I went to campus to get my consultation/referral, I had switched to campus healthcare so I had to go through them to find someone off campus. I delayed going for a couple months. I switched providers in August, I didn't go to the counseling center until October, and only after having a really bad panic attack. I went in for the consultation thinking of the last therapist I'd seen there and how I hoped they could find me someone like her but off campus and able to see me long term. That's when my mental health miracle happened.

That therapist was now working off campus, was covered by my provider, was able to start seeing me the following week, AND her office was 5 minutes down the road from my apartment.

It was too much to just be a coincidence.

That was back in late October. I'd was worried she wouldn't be able to see me until after Thanksgiving, but she had something that following week, which meant we had a good couple months to work together before Christmas and my trip to London with my mom and sister. After our first appointment we decided to meet twice a week, which at the time made me feel like, "wow, I must be worse than I thought," but after some time it made a lot of sense and made the sessions so much more productive. At some point I'll probably switch to once a week but even now, several months later, I'm not ready yet. You'd think by now I'd understand myself better but I'm learning with each day that I'm much more complex than I give myself credit for. We all are.



The difficulty with mental health is there's no quick fix. Medication can help with some things, but it doesn't solve everything. Therapy is great but it takes a ton of time! You have to work through all the issues, including things that you might have already dismissed as not important. You think the problem is ABC but you get into it and realize it's also XYZ. I'm not brave enough to get into all the things that she and I are working on, but one day I will be.
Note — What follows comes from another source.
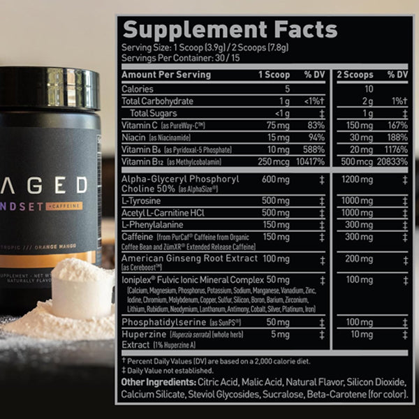 Kaged Mindset contains a powerful blend of 7 science-backed, premium ingredients including 300mg of caffeine for energy, 1,200mg of Alpha-GPC for cognitive function, 1,000mg of L-Tyrosine for focus, 1,000mg of Acetyle L-Carnitine for mental clarity, and 300mg of L-Phenylalanine for mood enhancement.

The more I got into therapy the more I felt like Alice falling down the rabbit hole. I'm still exploring Wonderland and discovering all sorts of crazy things, but I'm also gaining all the knowledge I'll need to eventually climb back out of the rabbit hole. I'm learning to be patient and to be compassionate towards myself. To be quiet and listen to my inner voice that I've been stifling and silencing for too long. It's not an easy process, nor is it a quick one, but it's worth the time and energy and bravery that each session requires.
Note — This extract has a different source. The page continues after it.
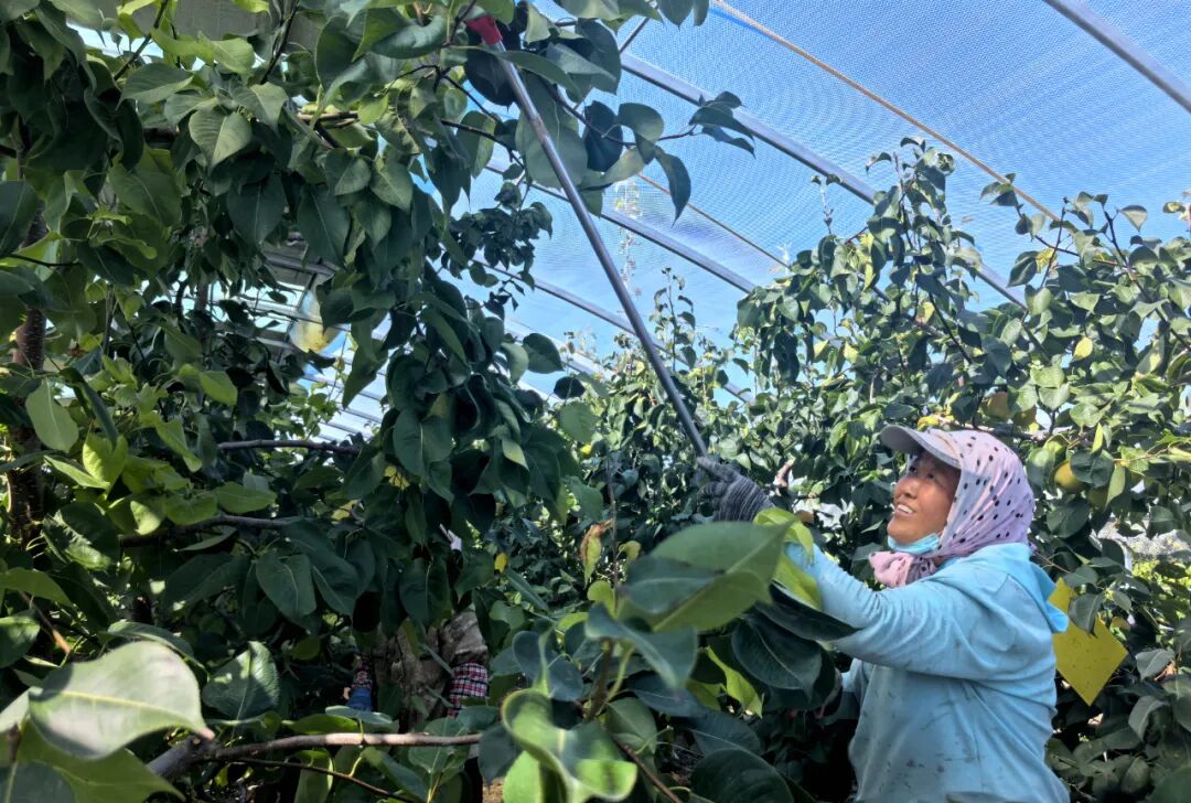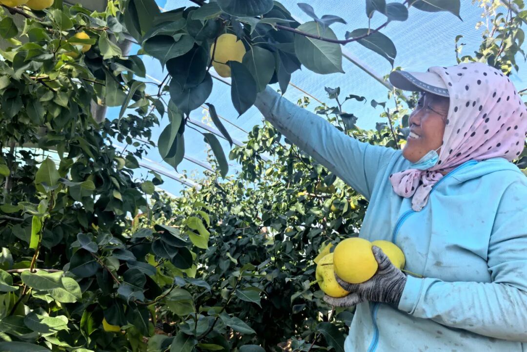 当日,在夏孜盖乡致富带头人岳永河承包的大棚内,饱满的梨子挂满枝头,采摘工人窦平安一边麻利地装筐,一边笑着说:“这梨长得好,摘着心里都甜!”

I still struggle with being open about my experiences. In some situations I just don't feel safe talking about my mental health. Not everyone understands and there are still a lot of people who think we're making it all up. I'm not entirely sure those people are as happy as they pretend. Not everyone struggles with severe mental health issues, but I think everyone falls somewhere on the spectrum. Some people really can make themselves feel better by thinking positively or meditating or exercising. Some of us need extra help. There's no shame in that.

I always say, if you're just having a bad day or a bad week, play your favorite music, try meditation, try thinking happy thoughts. But if your bad day or week has turned into a bad month which has turned into a bad year which has turned into you honestly can't remember the last time you were truly happy?......go see someone, as soon as possible. Go see your doctor, go through the referral process for a therapist, go see the counseling services at your school, do whatever you have to do but just do it. You deserve to be happy. And don't listen to anyone who tells you otherwise. Yes, life is tough and you're going to have bad days, but you should be having more good days than bad so if you're not, get yourself the help you need and deserve. You are a special, beautiful, unique, magical snowflake and that is a good thing. You are precious and loved and wanted. And it really does get better.